The template overload makes clever use of deriving from a lambda via templates and C++17 features. The details are here.

Bjarne also referenced: Matt Kline’s post on std::visit is everything wrong with modern c++.

Mikael Rosbacke – Yet another state machine tool
How to make it easy to write state machines? Hierarchy, entry/exit action, queuing, no heap allocations, no code generation.

Mikael’s framework provides a finite state machine base class from which you derive and post events as they arrive. Each state derives from a framework state base class, and provides an event method to transition into other states.

See https://www.github.com/rosbacke/mcu-tools.

Simon Pettersson – The Art of manufacturing types
Compile time lookup-table – with a very convincing demo in compiler explorer, where marking the lookup result as constexpr changed the compiled code to simply a constant.

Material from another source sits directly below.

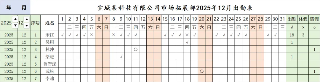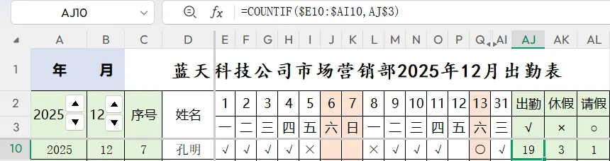 该示例运用了多个函数,如DATE、WEEKDAY、COUNTA、COUNTIF等,另外,多处使用了条件格式功能,主要功能:用上下键选择年月;标题自动更新;月出勤统计自动完成;姓名为空时年月自动隐藏;周末自动分色;统计为零值时自动隐藏;不足31天时日期自动隐藏。

See https://github.com/simonvpe/cmap

Paul Dreik – what is this std::forward thing?
A beginner’s guide to forwarding references – suppose you want to write a wrapper function that does some action then calls an underlying function. You would need to use std::forward like this, otherwise the wrong overload of function f would be called:

struct S{};

void f(S& s){ puts("f(S&)"); }
void f(S&& s){ puts("f(S&&)"); }

template<typename T>
void wrap(T&& t){
  f(std::forward<T>(t));
}

int main(){
  S s;

  wrap( s );
  wrap( S() );
}

Dominic Jones – Reflecting on names – Facilitating expression tree transforms
Would like to transform expressions differently according to the variable inputs:

transform(a + a) -> 2 * a
transform(a + b) -> a * b

Thoughts are to introduce varid, a keyword based on the position of the declaration of the variables. Evaluated at compile time, a bit like address-of, possibly the hash of the file name, row and column of the referenced variable. The use is for faster automatic differentiation.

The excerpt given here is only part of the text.